← All articles
Advanced8 min readfixes: Postflopfixes: 3-betting

Advanced techniques: floats, overbets, squeezes & the plays that read players

The weapons strong players use — and the tells they leave. The c-bet/float/check-raise war, 3-bet bluffing with blockers, overbets and polarization, and how to bluff-catch them all.

Why techniques are also tells

Every advanced play leaves a fingerprint. A player who floats flops will keep calling in position and then stab when you check; a player who overbets is telling you their range is polarized to nuts-or-air. Once you know the techniques, you don't just *use* them — you *recognise* them, and that's how you read the table. This page covers the core weapons and the counter to each.

The c-bet and the float war

The continuation bet (c-bet) is a flop bet by the preflop raiser, continuing the story whether or not the flop hit them. It works because most hands miss most flops.

The counter is the float: call the c-bet in position with a hand that probably can't win at showdown, planning to take the pot away on the turn or river — especially when the c-bettor checks (gives up).

  • Use it: float dry boards (K-7-2) in position vs players who c-bet too much and give up on the turn. When they check the turn, bet.
  • Defend it: against a known float merchant, double-barrel turns that improve your range, or check-raise to punish their steal. Don't fire one c-bet and surrender.

The check-raise

Checking and then raising after an opponent bets is one of the most powerful moves in poker — for both value and bluffs.

  • For value: check-raise your strong hands on boards that smash your range, building the pot while they keep barreling.
  • As a bluff: check-raise draws (a flush draw, open-ender) as a semi-bluff — you win now if they fold, and you have outs when called.
  • The read: out-of-position players who only ever check-call are exploitable — bet relentlessly. Players who check-raise a lot force you to check back more and pot-control.

The squeeze

When there's an open and one or more callers, a re-raise — the squeeze — is especially profitable: there's extra dead money, and the cold-callers usually have capped, flat-the-raise ranges that can't continue.

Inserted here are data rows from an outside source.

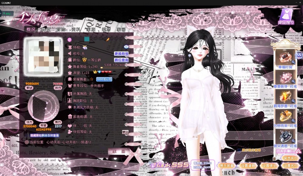2200出巨星钻13女消费9w 财富值6200w 六耳风旅萝莉隔世宠物马力萌猫灵动软萌八月迷离宿醉靡兔千羽馋馋免疯狂博士柔和目光甜蜜周末妖之境邻家悲恸美人芭比--黑色空间--盛夏马尾/黑白女神头--黑夜瞳/墨黑瞳/清透明眸/静夜忧伤/红炽瞳/人鱼海瞳/烟熏妆/春雨眼影/黑唇白唇/煞白/黑漆漆/雪色冷香/末世/双皮奶--马甲线/牡丹上衣/蝴蝶发饰/豹纹头饰/奶牛趴趴帽/爱心膨胀/夏日帽子/棒球帽子/不胜娇着/闪闪黄星/黑色泪痣/俏皮月光/黑腿套/黑红堆堆腿套/钻石の泪滴/膝盖之伤/红色鼻头/熊猫马甲/小熊披帽/暖冬相伴/雪人包包/金色邀约/双人变装名片等等。编号11252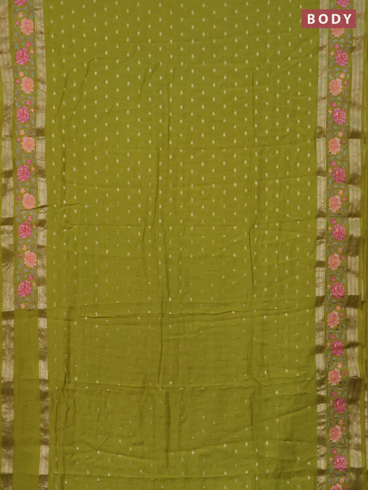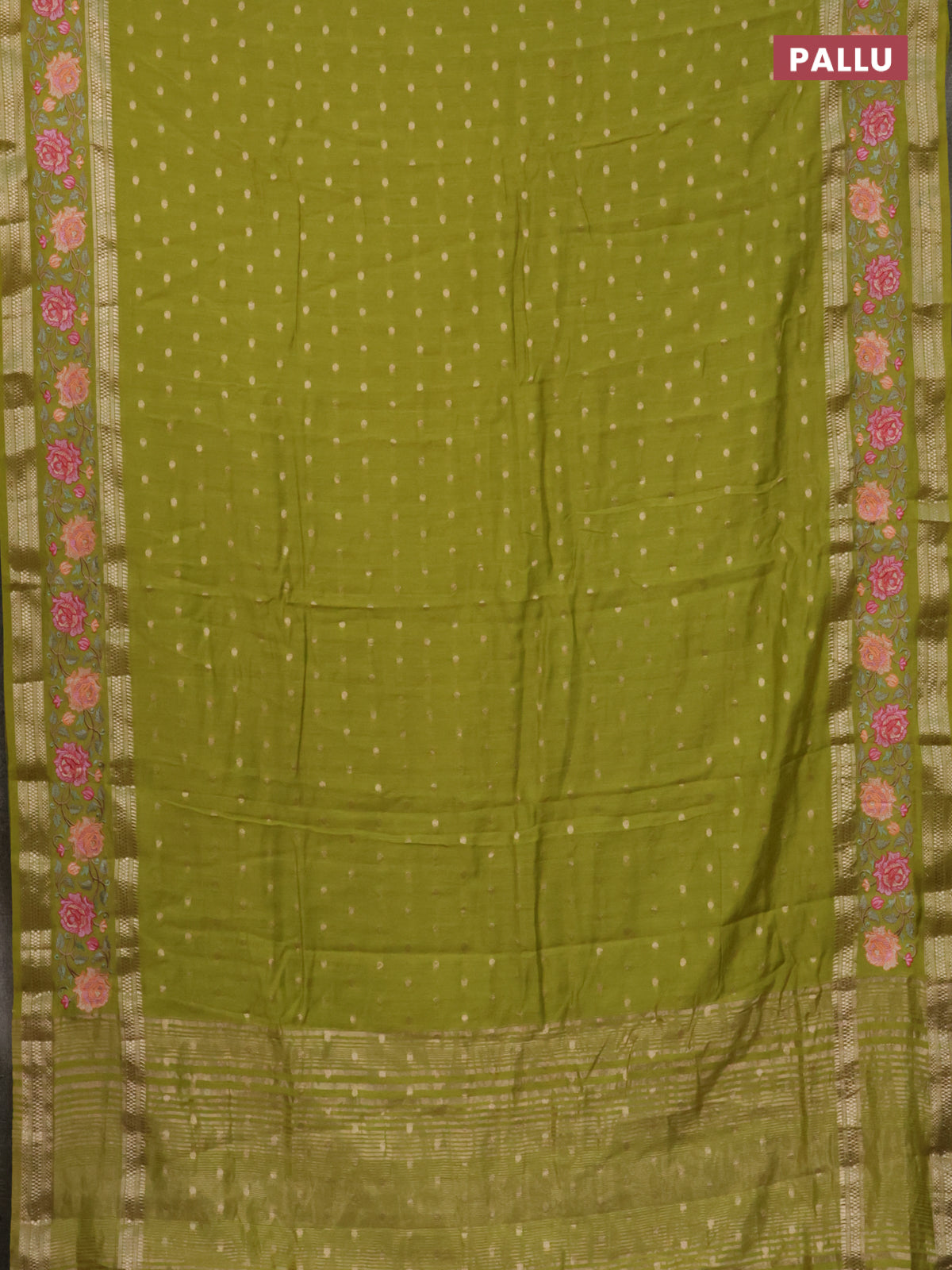 Semi chanderi saree lime green with allover zari woven buttas and floral embroidery border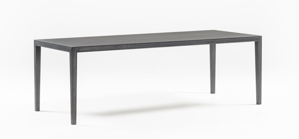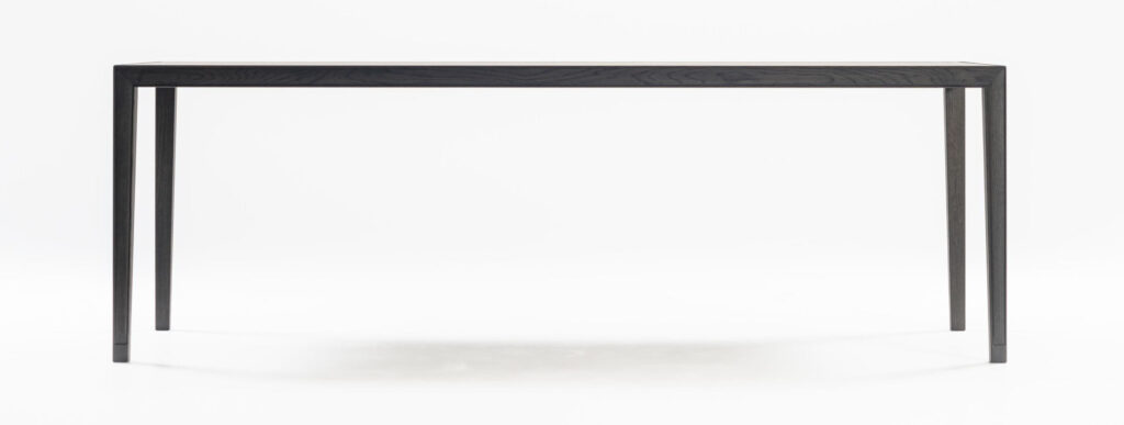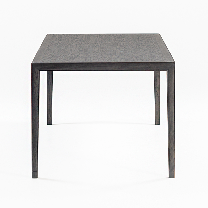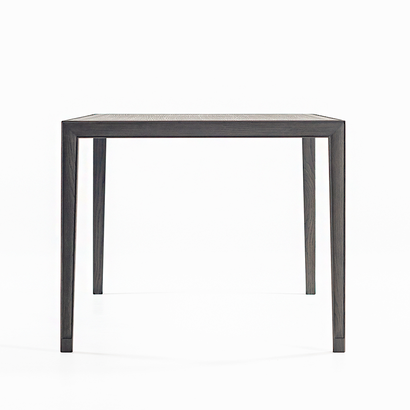 東洋的な意匠を継承させながら、天板と脚を三方留めと言う、これまで実現出来なかった工法で製作しました。三方留めは難易度がとても高い接合方法ですが、フレームに施した玉縁の意匠をもっとも美しく表現できる工法です。ガラス天板タイプも用意し、東洋的な空気感の中に洗練さを加えました。

  • Use it: squeeze bigger than a normal 3-bet (the more callers, the larger), with a polarized range of premiums and bluffs that block continues (suited aces).
  • Defend it: stop flatting raises with junk in front of a known squeezer — either 3-bet yourself or fold. Don't be the dead money.

3-bet bluffing & blockers

Re-raising preflop as a bluff is mandatory at higher stakes — if you only ever 3-bet premiums, good players fold and never pay you off. The art is *which* hands to bluff with: blockers.

A blocker is a card that makes it less likely the opponent has a strong continuing hand. Holding an ace makes it less likely they have AA/AK; a king blocks KK/AK. So hands like A5s and K9s make great 3-bet bluffs — they remove combos of the hands that could 4-bet or call, and they retain playability (suited, can flop a flush/straight) when called.

  • Use it: 3-bet bluff with suited blockers, not your worst offsuit junk.
  • Defend it: against a relentless 3-bettor, 4-bet bluff occasionally (also with blockers) and flat more to play back in position.

Overbets & polarization

An overbet (betting more than the pot) is only correct with a polarized range — the nuts and total air, nothing in between. It maximizes value from strong hands and applies maximum fold pressure as a bluff, but it risks a lot.

  • Use it: overbet rivers on cards that complete your perceived range and crush theirs (scare cards), with nutted hands and a few blocker bluffs.
  • The read: a player who overbets is *telling you* they're polarized. Which leads to the most important defensive skill…

Bluff-catching

A bluff-catcher is a hand that beats only the bluffs in your opponent's range — typically a medium-strength hand facing a polarized bet. Calling is correct when the price plus the opponent's bluff frequency makes your equity good enough.

  • Against an overbettor or a maniac: widen your calls. They have too many bluffs, so don't fold every decent hand — let them barrel off.
  • Against a nit or a trapper: do the opposite. When a passive, tight player suddenly bets big, they almost never have a bluff — fold your bluff-catchers and save the chips.
  • The skill: your calling threshold should *move with the player*. That's the whole game — read the opponent, then pick the line that punishes their specific tell.

Key takeaways

  • Every advanced technique is also a tell — knowing the play lets you recognise and counter it.
  • Float and check-raise are the counters to over-c-betting; barrel turns and check-raise to beat a floater.
  • 3-bet (and 4-bet) bluff with blockers — suited aces/kings remove the combos that beat you and keep playability.
  • Overbets mean a polarized range (nuts or air); your job is to become a disciplined bluff-catcher.
  • Move your calling threshold with the player: call down the maniac/overbettor, fold to the nit/trapper.